Sexo y poder: para una semiótica de la violencia

En 1992 el chileno Ariel Dorfman estrenó su obra La Muerte y la Doncella. Aunque sin referencias explícitas, el drama alude a los años de la dictadura de Augusto Pinochet y a los primeros años de la recuperación formal de la democracia en Chile. Paulina Salas es el personaje que representa a las mujeres violadas por el régimen y por todos los regímenes dictatoriales de la época, de la historia universal, que practicaron con sadismo la tortura física y la tortura moral. La violación sexual tiene, en este caso y en todos los demás, la particularidad de combinar en un mismo acto casi todas las formas de violencia humana de la que son incapaces el resto de las bestias animales. Razón por la cual no deberíamos llamar a este tipo de bípedos implumes “animales” sino “cierta clase tradicional de hombre”.

Otro personaje de la obra es un médico, Roberto Miranda, que también representa a una clase célebre de sofisticados colaboradores de la barbarie: casi siempre las sesiones de tortura eran acompañadas con los avances de la ciencia: instrumentos más avanzados que los empleados por la antigua inquisición eclesiástica en europea, como la picana eléctrica; métodos terriblemente sutiles como el principio de incertidumbre, descubierto o redescubierto por los nazis en la culta Alemania de los años treinta y cuarenta. Para toda esta tecnología de la barbarie era necesario contar con técnicos con muchos años de estudio y con una cultura enferma que la legitimara. Ejércitos de médicos al servicio del sadismo acompañaron las sesiones de tortura en América del Sur, especialmente en los años de la mal llamada Guerra Fría.

El tercer personaje de esta obra es el esposo de Paulina, Gerardo Escobar. El abogado Escobar representa la transición, aquel grupo encargado de zurcir con pinzas las sangrantes y dolorosas heridas sociales. Como ha sido común en América Latina, cada vez que se inventaron comisiones de reconciliación se apelaron primero a necesidades políticas antes que morales. Es decir, la verdad no importa tanto como el orden. Un poco de verdad está bien, porque es el reclamo de las víctimas; toda no es posible, porque molesta a los violadores de los Derechos Humanos. Quienes en el Cono Sur reclamamos toda la verdad y nada más que la verdad fuimos calificados, invariablemente de extremistas, radicales y revoltosos, en un momento en que era necesaria la Paz. Sin embargo, como ya había observado el ecuatoriano Juan Montalvo (Ojeada sobre América, 1866), la guerra es una desgracia propia de los seres humanos, pero la paz que tenemos en América es la paz de los esclavos. O, dicho en un lenguaje de nuestros años setenta, es la paz de los cementerios.

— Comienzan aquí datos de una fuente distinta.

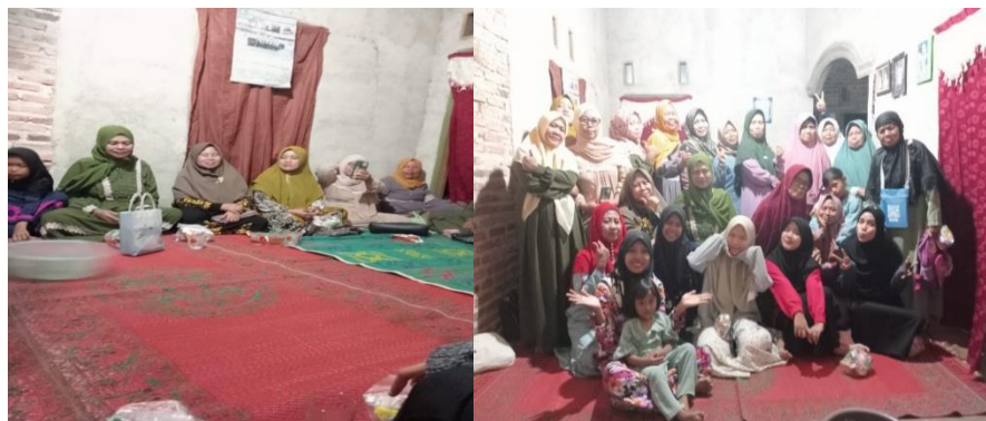
Gambar 2. 4 Kegiatan Yasinan Ibu-ibu

Dalam kegiatan sosialisasi di dalam masyarakat saya juga bergabung di dalam kegiatan rutin setiap minggu ibu-ibu di desa Sinar Bandung, yang dilaksanakan setiap malam Senin dan tidak hanya ada di satu dusun tapi hampir semua dusun memiliki kegiatan tersebut yang harinya berbeda-beda. Dengan mengikuti kegiatan masyarakat maka akan terjalinnya silaturahmi dengan desa tersebut.
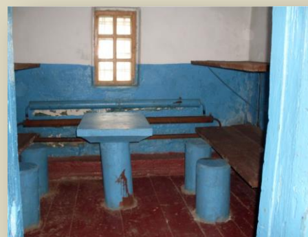
Камера штрафного изолятора на строгом режиме зоны "Пермь-36"

Что касается профессионализма, то полностью непрофессионально, например, произведена реставрация особой зоны. Выставки в музее посвящаются чему угодно – Колыме, Воркуте (это было когда-то давно и где-то далеко – сталинские «перегибы»...) – всему, кроме истории, быта и судеб обитателей зоны «Пермь-36» и соседних политзон, злоупотреблений КГБ и много другого. И это понятно: как же может быть иначе в насильно огосударствленной зоне-музее, где камни вопиют, а надо «в рамках концепции государственной политики» заткнуть им рот? Поэтому в полностью сохранившемся карцере не найдешь доски памяти чудесного армянского мальчика, который там повесился. И даже пояснения, что такое пониженная норма питания для там находящихся, а в бараке – какая была температура зимой (а именно +6, поскольку большая часть тепла выводилась из кочегарки за зону по жилищам ментов).
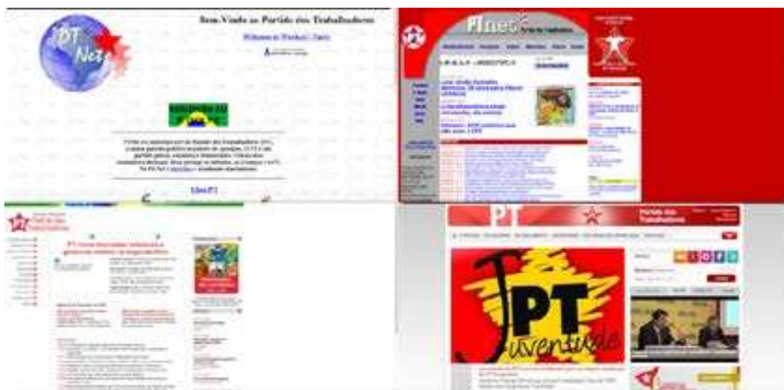
Figura 1 – Capturas de tela do site do Partido dos Trabalhadores
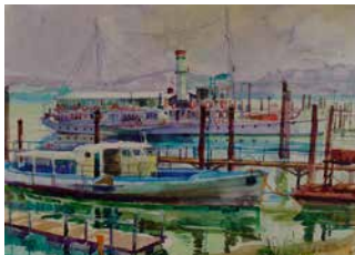
Ausflugsschiffe, 1980, 48 x 68 cm
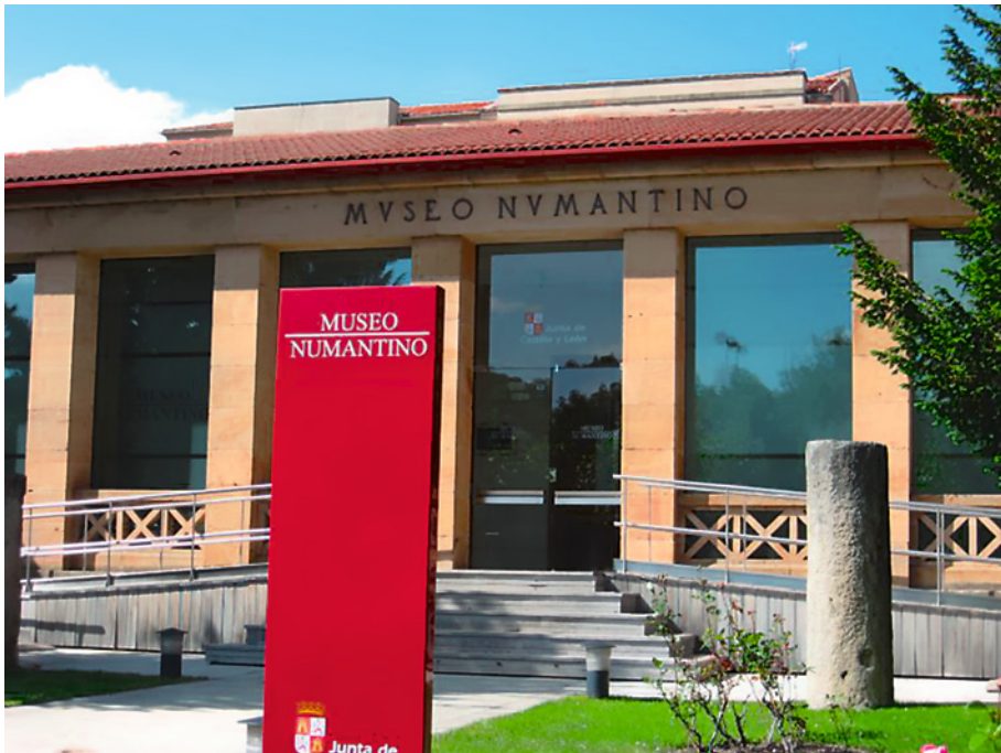
Figura 7. Fachada del Museo Numantino, inaugurado en 1919.

carretera y ferrocarril. Sin embargo, tras involucrarse en el proyecto las instituciones especializadas en la gestión de suelo tanto a nivel regional (GESTUR-CAL) como estatal (SEPES) y los habituales retrasos que entrañan las obras de urbanización y su tramitación administrativa, parece ya haberse despejado el horizonte para la recepción parcial de la urbanización del flamante polígono industrial. Tal futurible estaría ya muy próximo, según información reciente de la prensa local ( Heraldo-Diario de Soria , 28.10.2019) 10 , abriéndose así la puerta a la comercialización de parcelas para que las empresas vengan a instalarse al nuevo espacio industrial (Figura 7).

Paulina lo sabe. Una noche su esposo regresa a casa acompañado por un médico que amablemente lo auxilió en la ruta, cuando el auto de Gerardo se descompuso. Paulina reconoce la voz de su violador. Después de otras visitas, Paulina decide secuestrarlo en su propia casa. Lo ata a una silla y lo amenaza para que confiese. Mientras lo apunta con un arma, Paulina dice: “pero no lo voy a matar porque sea culpable, Doctor. Lo voy a matar porque no se ha arrepentido un carajo. Sólo puedo perdonar a alguien que se arrepiente de verdad, que se levanta ante sus semejantes y dice esto yo lo hice, lo hice y nunca más lo voy a hacer”.

Finalmente Paulina libera a su supuesto torturador sin lograr una confesión de la parte acusada. No se puede acusar a Dorfman de crear una escena maniqueísta donde Paulina no se toma venganza, acentuando la bondad de las víctimas. No, porque la historia presente no registra casos diferentes y mucho menos éstos han sido la norma. La norma, más bien, ha sido la impunidad, por lo cual podemos decir que La Muerte y la Doncella es un drama, además de realista, absolutamente verosímil. Además de estar construido con personajes concretos, representan tres clases de latinoamericanos. Todos conocimos alguna vez a una Paulina, a un Gonzalo y a un Roberto; aunque no todos pudieron reconocerlos por sus sonrisas o por sus voces amables.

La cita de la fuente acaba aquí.